Items from a data source ▸
=== Begin Enclosure ===

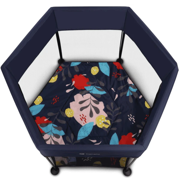 De wanden van de Roel box zijn gemaakt van doorzichtig en luchtig materiaal dat een goede luchtstroom en continue observatie van het kind mogelijk maakt. De stijfheid van het materiaal toont aan dat het product zijn stabiele positie behoudt en dat de zijkanten niet uitrekken. Het bovenste deel van de box, dat de bindingen bevat van Metal lelements die het in- en uitvouwen mogelijk maken, is beveiligd met een brede plaat die de stabiliteit van de structuur versterkt en mogelijke verwondingen tijdens het spelen voorkomt. De afneembare pads kunnen worden gewassen in een fijnwasprogramma op 30°C zonder te centrifugeren.
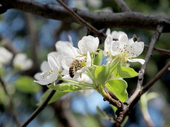 Keywords: pear flower bee spring nature bee on flower
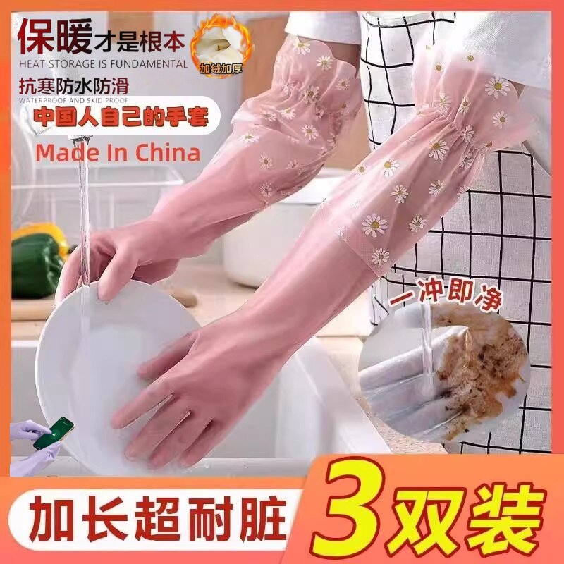 加绒手套洗碗专用手套家务厨房女士加厚清洁刷碗洗衣防水加绒冬季
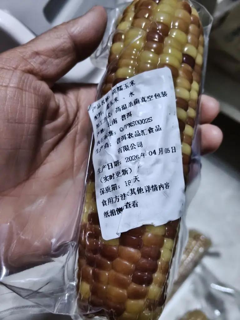 收到的宝贝包装很好,一斤的玉米有三个,日期是4月5号的保质期18天,三个我一顿就
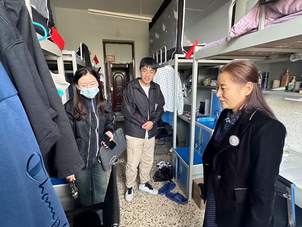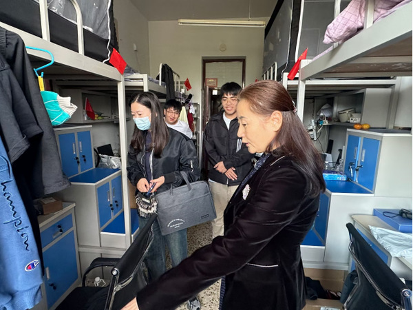 查寝过程中,白丽副院长强调,安全无小事,我们要不断强化安全意识,筑牢安全防线。此次重点检查了宿舍的卫生状况、用电安全以及是否存在违规物品等问题,同时还与学生进行了亲切交流,了解学生的生活和学习情况。
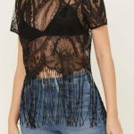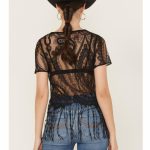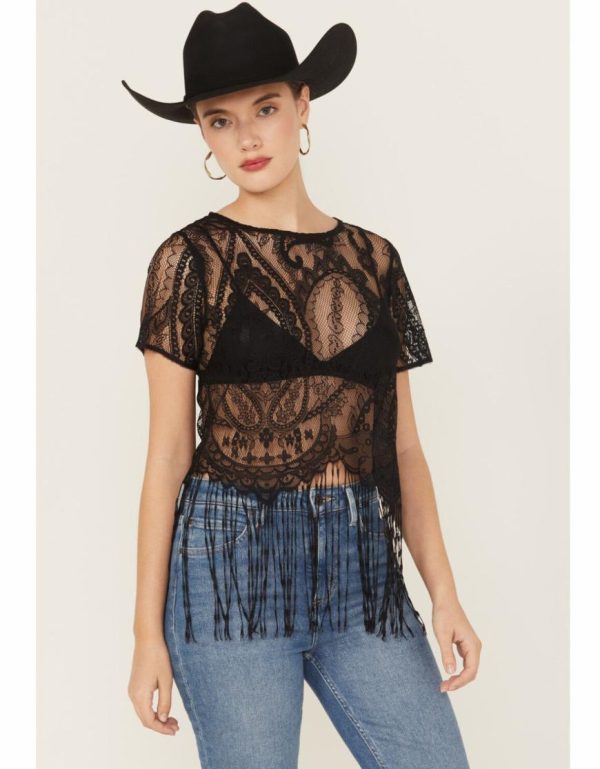 Women Idyllwind Tops | Lacey Fringe Short Sleeve Shirt
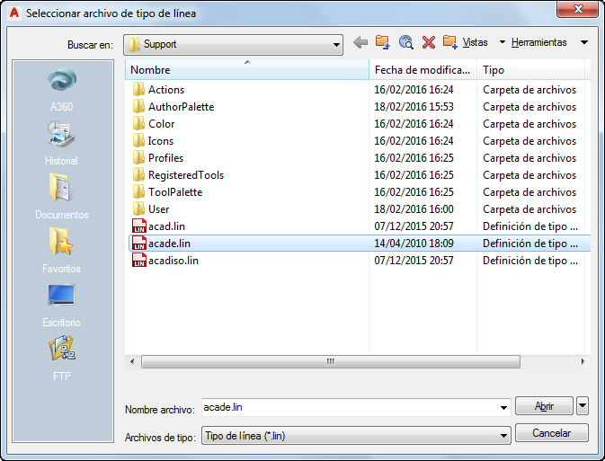 En el cuadro de diálogo Seleccionar archivo de tipo de línea, seleccione acade.lin y haga clic en Abrir.
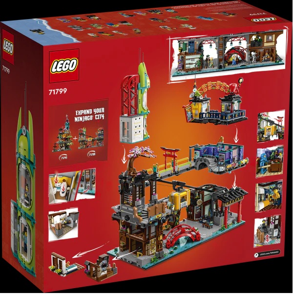 - Trải nghiệm tất cả màu sắc, sự phấn khích và sống động của Thành phố NINJAGO với mô hình 4 tầng chi tiết phức tạp này. Bộ tòa nhà lớn nhất từ trước đến nay của NINJAGO có cáp treo, tiệm bánh, thuyền, căn hộ, thang máy, khu ẩm thực trên tầng thượng và nhiều hơn thế nữa. Nó chứa 21 nhân vật nhỏ, bao gồm nhiều nhân vật được người hâm mộ yêu thích chưa từng thấy trước đây, để trẻ em thực hiện các pha hành động ninja thú vị.

=== End Enclosure ===

Action item ▸
Transcribe, without alteration, each line from the one with "加绒手套洗碗专用手套家务厨房女士加厚清洁刷碗洗衣防水加绒冬季" through the last line of the data; no pictures belong in the copy.

The completed task ▸
 加绒手套洗碗专用手套家务厨房女士加厚清洁刷碗洗衣防水加绒冬季
 收到的宝贝包装很好,一斤的玉米有三个,日期是4月5号的保质期18天,三个我一顿就
 查寝过程中,白丽副院长强调,安全无小事,我们要不断强化安全意识,筑牢安全防线。此次重点检查了宿舍的卫生状况、用电安全以及是否存在违规物品等问题,同时还与学生进行了亲切交流,了解学生的生活和学习情况。
 Women Idyllwind Tops | Lacey Fringe Short Sleeve Shirt
 En el cuadro de diálogo Seleccionar archivo de tipo de línea, seleccione acade.lin y haga clic en Abrir.
 - Trải nghiệm tất cả màu sắc, sự phấn khích và sống động của Thành phố NINJAGO với mô hình 4 tầng chi tiết phức tạp này. Bộ tòa nhà lớn nhất từ trước đến nay của NINJAGO có cáp treo, tiệm bánh, thuyền, căn hộ, thang máy, khu ẩm thực trên tầng thượng và nhiều hơn thế nữa. Nó chứa 21 nhân vật nhỏ, bao gồm nhiều nhân vật được người hâm mộ yêu thích chưa từng thấy trước đây, để trẻ em thực hiện các pha hành động ninja thú vị.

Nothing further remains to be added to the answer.